‘They Will Kill You’ feels like an old-fashioned New York-set horror, centred on a high-rise New York hotel whose inhabitants, it turns out, simply refuse to die – and in true ‘Kill Bill’ fashion, the central character proves more than a match for them. There are shades too of ‘Eyes Wide Shut’, with masked figures moving through shadowy spaces, harbouring all sorts of sinister motives. But for all that atmosphere, this is really a film about splatter: decapitations, stabbings and increasingly grotesque set pieces dominate.

At its core, there is also a more personal thread – like ‘Kill Bill’, it follows a woman, Asia Reaves (Zazie Beetz), trying to reconnect with her past, in this case a daughter she once abandoned and now seeks to reclaim. In that sense it recalls something like Paul Schrader’s ‘Hardcore’, with a parent descending into a dangerous underworld. Here, that underworld takes the form of a private members’ club where the elite select their victims for ritual sacrifice, giving the film a slightly ‘Hostel’-like edge.

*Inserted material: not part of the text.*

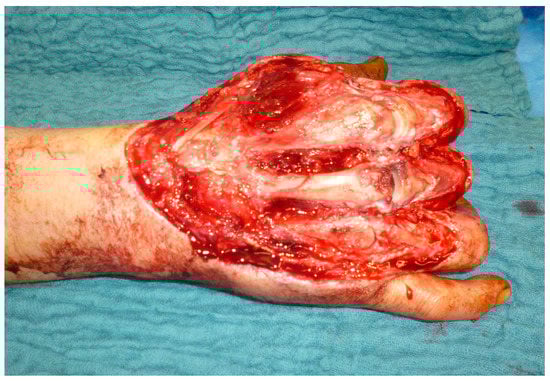 - Sauerbier, M.; Ofer, N.; Germann, G.; Baumeister, S. Microvascular reconstruction in burn and electrical burn injuries of the severely traumatized upper extremity. Plast. Reconstr. Surg. 2007, 119, 605–615. [Google Scholar] [CrossRef]

What’s striking is the strong female presence at the centre, particularly as events refuse to go according to plan. There’s an audacious idea underpinning it all – that this hotel is effectively a gateway to hell – but the film never really develops that concept in any meaningful way. Instead, it leans heavily on repetition, with characters, including those played by Heather Graham and Tom Felton, returning again and again in increasingly eye-popping ways (literally) because they simply cannot die.

For a supernatural fable, it all feels surprisingly thin. There are flashes of invention and excess, but very little depth beneath the surface, as when mere lip service is paid to the fact that each floor in the hotel is supposedly meant to represent a different ingredient of the seven deadly sins.